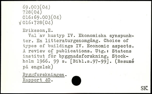 Yal av hustyp IV. Ekonomiska synspunkter. En litteraturgenomgång. Choice of types of buildings IY. Economic aspects. A review of publications. Utg.: Statens institut för byggnadsforskning.
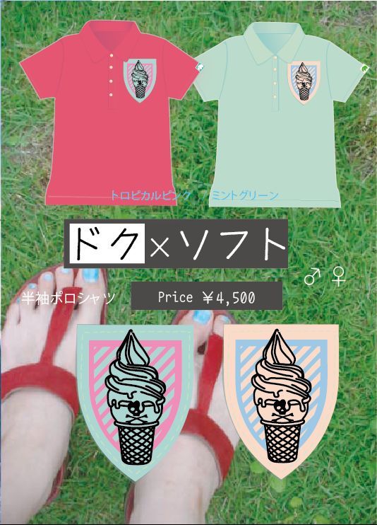 ポロシャツ。どくろソフトクリームのワッペンが縫い付けてあります。
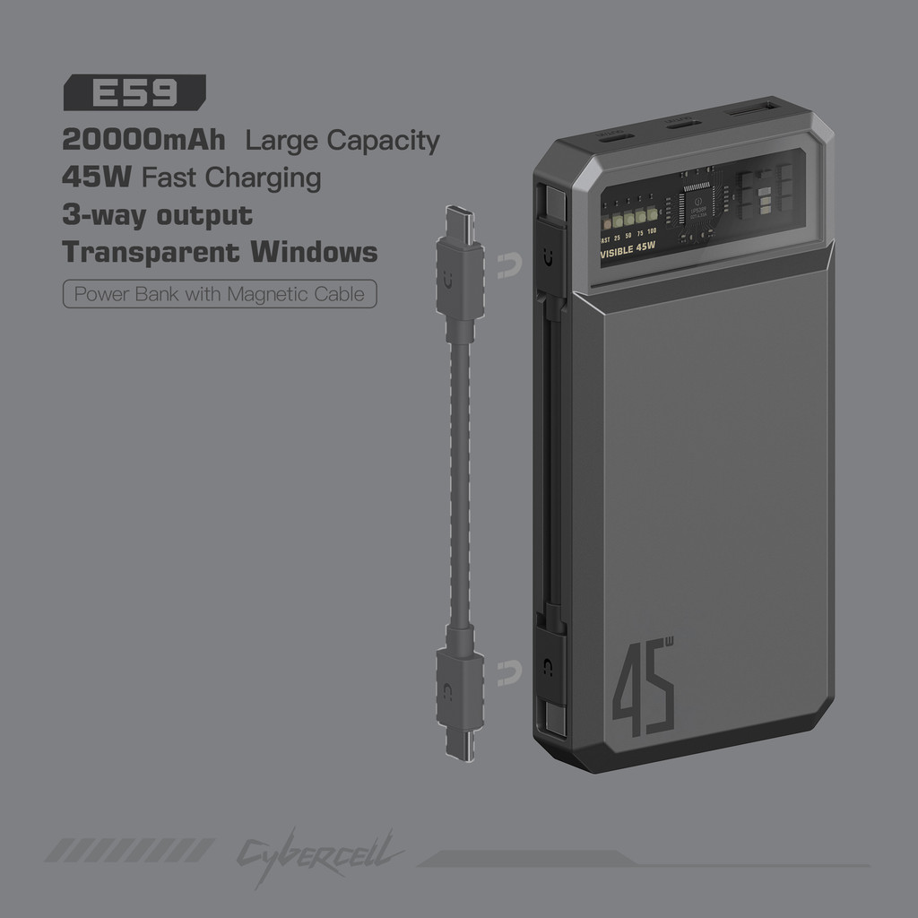 KiiP E59 Power Bank Magnetic Cable 45W Fast Charging TC PD Lightning 20000MAH

···

### ABOUT THIS TASK:
What is needed is an exact copy of the data, without any pictures.

### RESULT:
 Yal av hustyp IV. Ekonomiska synspunkter. En litteraturgenomgång. Choice of types of buildings IY. Economic aspects. A review of publications. Utg.: Statens institut för byggnadsforskning.
 ポロシャツ。どくろソフトクリームのワッペンが縫い付けてあります。
 KiiP E59 Power Bank Magnetic Cable 45W Fast Charging TC PD Lightning 20000MAH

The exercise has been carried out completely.